The input START

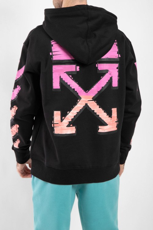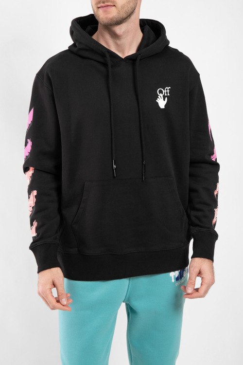 Детали: Мужской черный хлопковый худи от Off-White (Офф-Вайт). Капюшон на завязках, принт с логотипом на груди и на спине, принт на рукавах, карман-кенгуру, классическая длина, трикотажные манжеты и нижний край
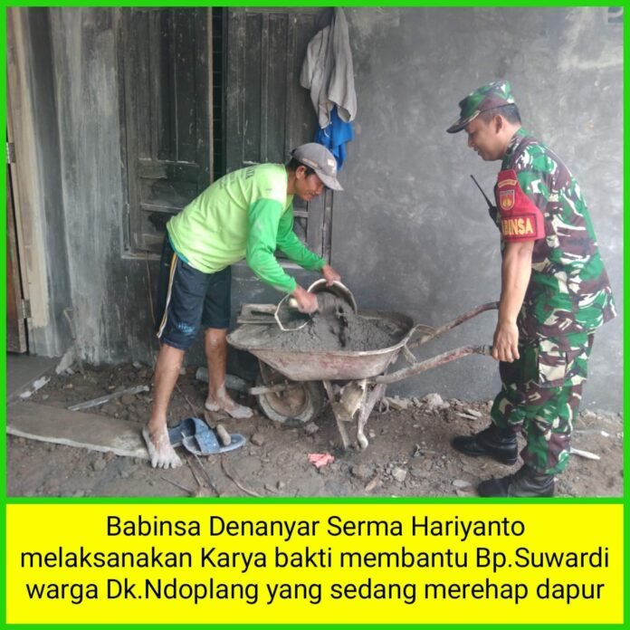 ACTUALNEWS.ID, Sragen – Selalu aktif membantu kesulitan masyarakat di wilayah binaanya, Serma Hariyanto Babinsa Desa Denanyar Anggota Koramil 10/Tangen Kodim 0725/Sragen melaksanakan giat Karya Bakti dapur milik warga Ibu Siwi di Ds.Denayar Kec.Tangen, Rabu ( 08/03/2023 )
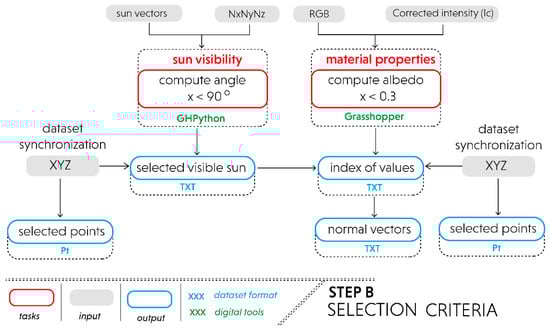 On the other hand, material aspects are used to measure the performance behavior of the existing site’s surface properties. This allows architects to identify susceptible areas that may affect the geometrical performance of the proposed design. This study specifically computes albedo values to detect the absorbance percentage of solar energy on surrounding contexts by considering the RGB color and corrected intensity (Ic) of contextual datasets. A detailed procedure regarding the calculation of albedo values can be found in our previous research [67]. Furthermore, the resulting albedo values are filtered based on the threshold below 0.3. Although this setting indicates the low albedo, it can be used not only to identify areas that contain a high level of heat absorbance, but also to analyze and mitigate microclimatic impacts of the surrounding areas especially related to thermal issues and urban heat island (UHI) effect. In order to avoid that, these areas need to be blocked from direct sun exposures by excluding the indicated surfaces with high albedo values. Afterward, the resulting indexes of low albedo values (below 0.3) are synchronized not only with selected normal vectors from the sun visibility to register the corresponding normal surface of the dataset, but also with XYZ attributes to select the matching points within the dataset.
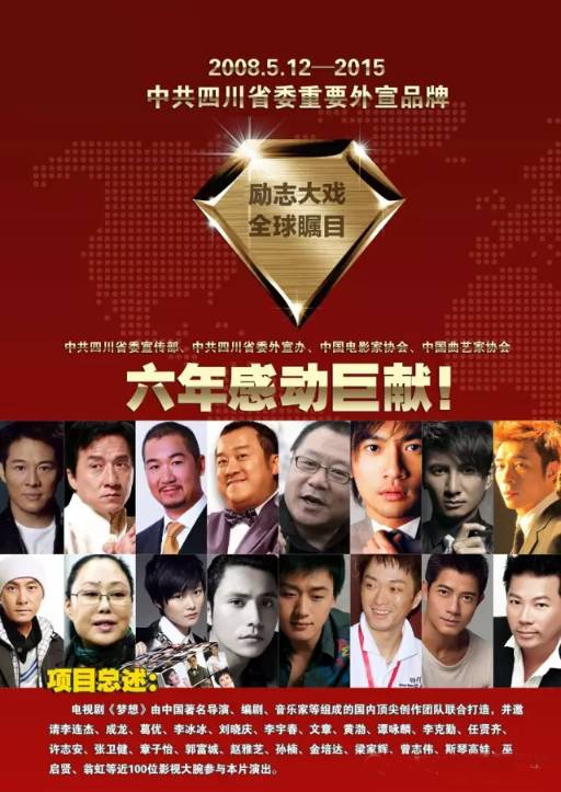 30集大型青春励志电视连续剧《梦想》(又名:《四川依然美丽》),由省委外宣办指导,四川依然美丽公益活动组委会和成都环球博纳文化传媒有限公司等单位联合制作,拟在全国播出。
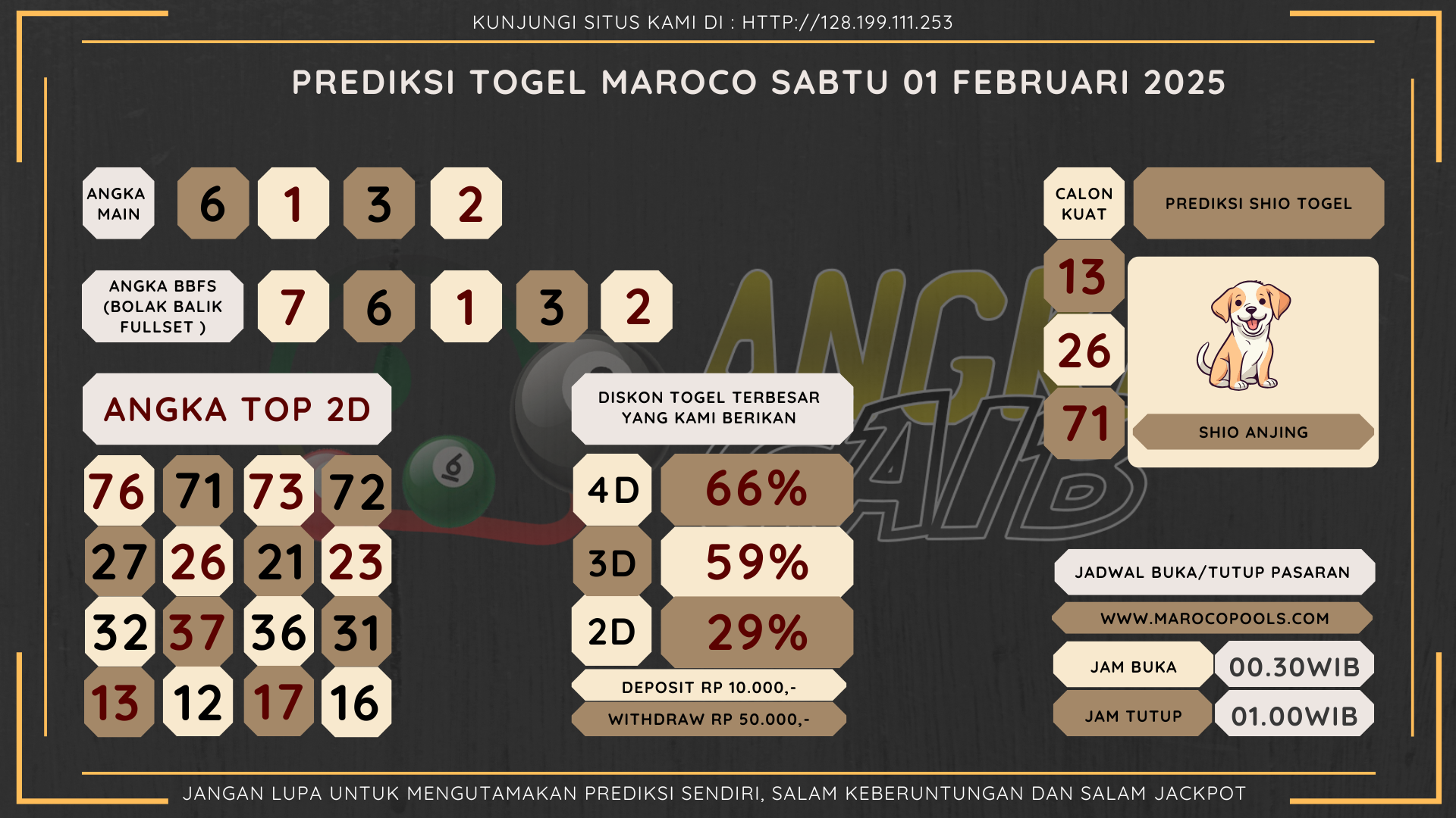 Bocoran Angka Maroco Hari Sabtu 01 Februari 2025

The input END

> **The problem**
Please write out, word for word, each line from the one with "On the other" to the last line of the data, keeping both ends and omitting pictures.

> **Task output**
 On the other hand, material aspects are used to measure the performance behavior of the existing site’s surface properties. This allows architects to identify susceptible areas that may affect the geometrical performance of the proposed design. This study specifically computes albedo values to detect the absorbance percentage of solar energy on surrounding contexts by considering the RGB color and corrected intensity (Ic) of contextual datasets. A detailed procedure regarding the calculation of albedo values can be found in our previous research [67]. Furthermore, the resulting albedo values are filtered based on the threshold below 0.3. Although this setting indicates the low albedo, it can be used not only to identify areas that contain a high level of heat absorbance, but also to analyze and mitigate microclimatic impacts of the surrounding areas especially related to thermal issues and urban heat island (UHI) effect. In order to avoid that, these areas need to be blocked from direct sun exposures by excluding the indicated surfaces with high albedo values. Afterward, the resulting indexes of low albedo values (below 0.3) are synchronized not only with selected normal vectors from the sun visibility to register the corresponding normal surface of the dataset, but also with XYZ attributes to select the matching points within the dataset.
 30集大型青春励志电视连续剧《梦想》(又名:《四川依然美丽》),由省委外宣办指导,四川依然美丽公益活动组委会和成都环球博纳文化传媒有限公司等单位联合制作,拟在全国播出。
 Bocoran Angka Maroco Hari Sabtu 01 Februari 2025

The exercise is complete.